Présentation des tableaux de l’annexe III :

Lorsque la question générale a été posée, et avant d’entrer dans les questions spécifiques, les étrangers ont particulièrement évoqué certains comportements cités dans le tableau 6 et certaines explications culturelles dans le tableau 8. Ils ont souvent été confirmés et amplifiés lorsque les étrangers devaient décrire les aspects particuliers du comportement des Malgaches (tableau 7) et de leur culture (tableau 9). Bien que l’enquête ait porté sur des thèmes plus variés, le tableau 7 ne fait ressortir que les aspects de comportement concernant l’étude : sur le temps, la hiérarchie et la communication.

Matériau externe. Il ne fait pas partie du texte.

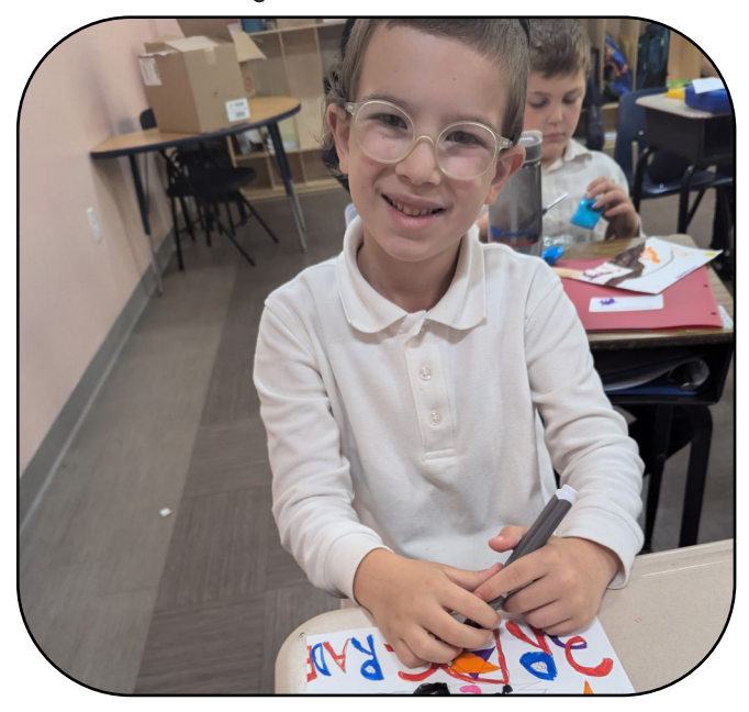
Class flag decorating in 3rd!
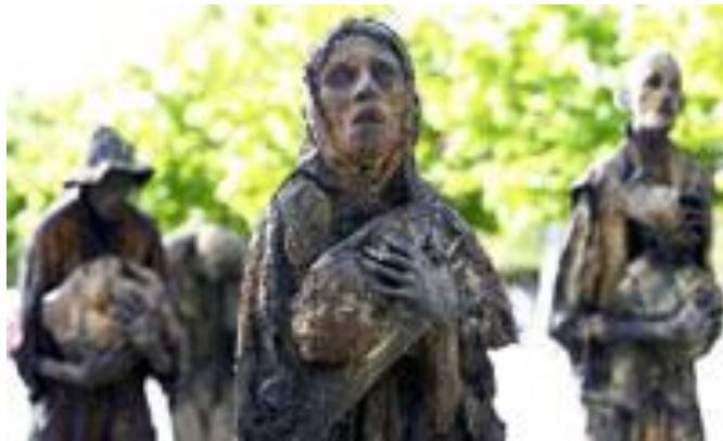
Famine Memorial, Dublin, Ireland

What was the average consumption of potatoes per person in Ireland before the great potato famine of 1845?
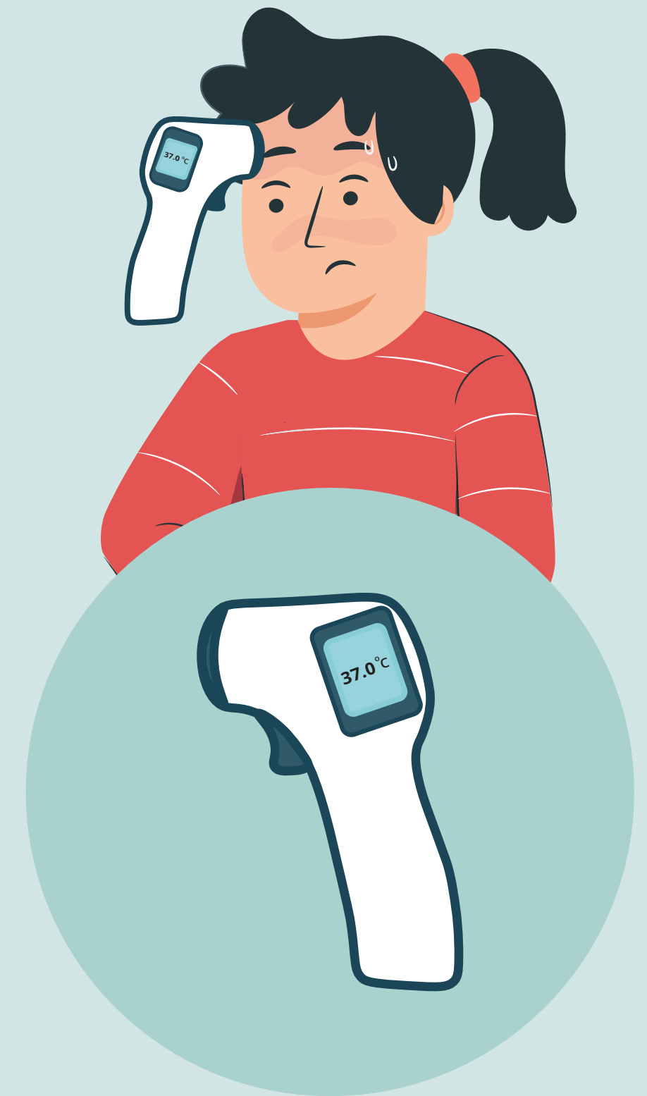
Digital temporal artery thermometer

Ask your doctor, nurse or pharmacist to show you how to use your thermometer properly.
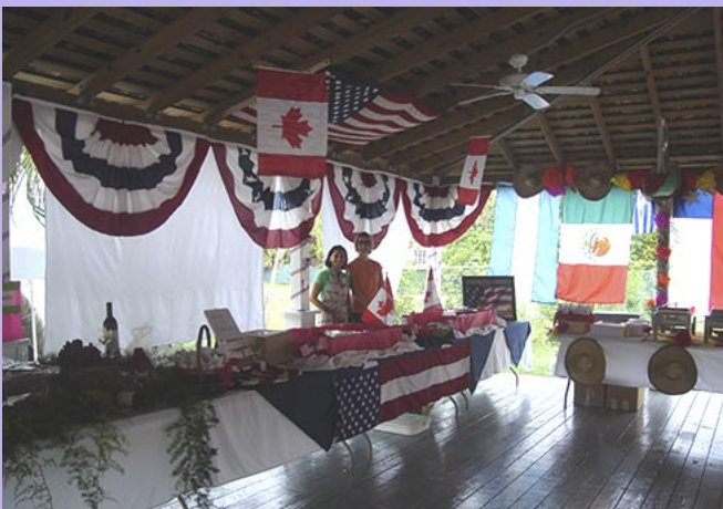
North American Booth At Lyford Cay International School Fun Day

Send in your photos to be featured in the Photo Gallery!

4.2.  Regards sur le rapport au temps

4.2.1.    Une gestion du temps difficilement acceptée par les étrangers

Constatations sur les problèmes de gestion du temps :

Plus de la moitié des expatriés enquêtés déplore d’office de la part des Malgaches un problème avec la gestion du temps, souvent cité comme point faible de leur comportement. Trois d’entre eux précisent qu’un de ces problèmes de gestion du temps se situe au niveau de l’organisation.

Ainsi, lorsque la question sur le comportement en matière de ponctualité est posée, une grande majorité n’hésite pas à affirmer que les Malgaches sont souvent en retard.

Près de la moitié des enquêtés a du mal à accepter un problème de « lenteur » chez les Malgaches, et notamment le fait que ces derniers travaillent moins vite, retardant ainsi le travail qui doit être fourni.

 

Une difficile prise sur le temps dans la culture malgache :

La notion culturelle du rapport au temps a été une explication du comportement des Malgaches pour plus des deux tiers des entretiens avant de poser spécifiquement la question des fondements du rapport au temps des Malgaches.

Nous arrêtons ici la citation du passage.